> Exercise brief
Only the text is wanted; write out each record below exactly and exclude all pictures.
***** Data supplied *****
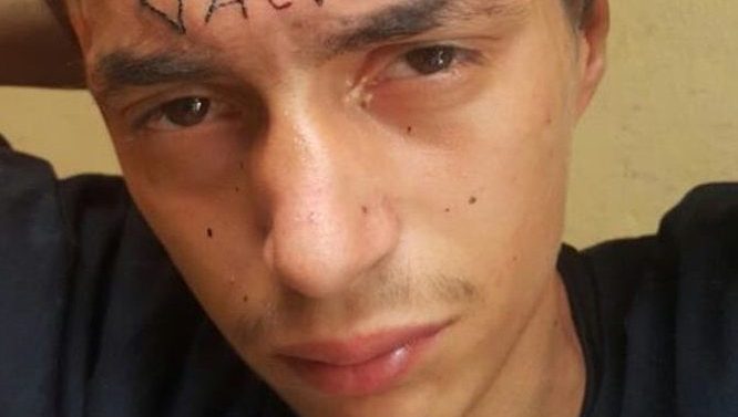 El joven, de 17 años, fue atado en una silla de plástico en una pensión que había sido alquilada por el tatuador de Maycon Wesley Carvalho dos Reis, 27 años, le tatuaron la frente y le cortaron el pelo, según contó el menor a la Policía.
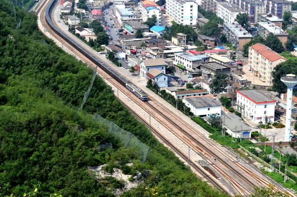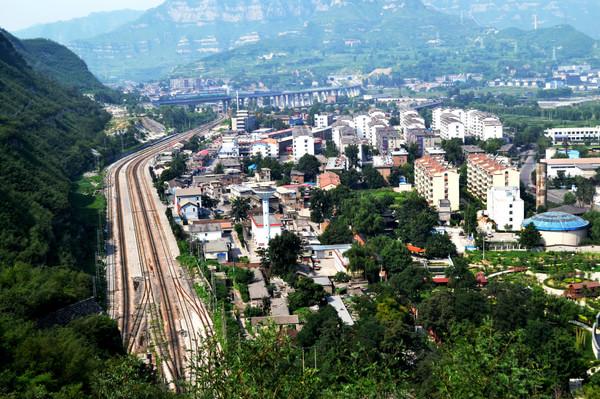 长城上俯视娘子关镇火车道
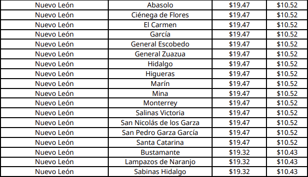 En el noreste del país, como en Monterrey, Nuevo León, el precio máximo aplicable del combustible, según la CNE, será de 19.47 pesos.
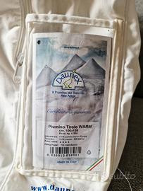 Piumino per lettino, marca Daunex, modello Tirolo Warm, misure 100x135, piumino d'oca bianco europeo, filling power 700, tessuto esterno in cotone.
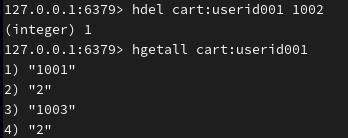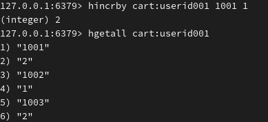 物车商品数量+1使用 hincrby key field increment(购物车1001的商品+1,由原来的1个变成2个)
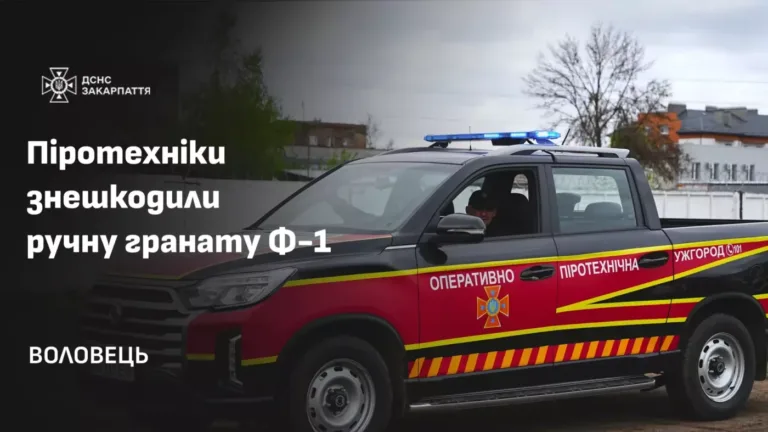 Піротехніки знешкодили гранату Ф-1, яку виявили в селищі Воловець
*****
> Reply to the task
 El joven, de 17 años, fue atado en una silla de plástico en una pensión que había sido alquilada por el tatuador de Maycon Wesley Carvalho dos Reis, 27 años, le tatuaron la frente y le cortaron el pelo, según contó el menor a la Policía.
 长城上俯视娘子关镇火车道
 En el noreste del país, como en Monterrey, Nuevo León, el precio máximo aplicable del combustible, según la CNE, será de 19.47 pesos.
 Piumino per lettino, marca Daunex, modello Tirolo Warm, misure 100x135, piumino d'oca bianco europeo, filling power 700, tessuto esterno in cotone.
 物车商品数量+1使用 hincrby key field increment(购物车1001的商品+1,由原来的1个变成2个)
 Піротехніки знешкодили гранату Ф-1, яку виявили в селищі Воловець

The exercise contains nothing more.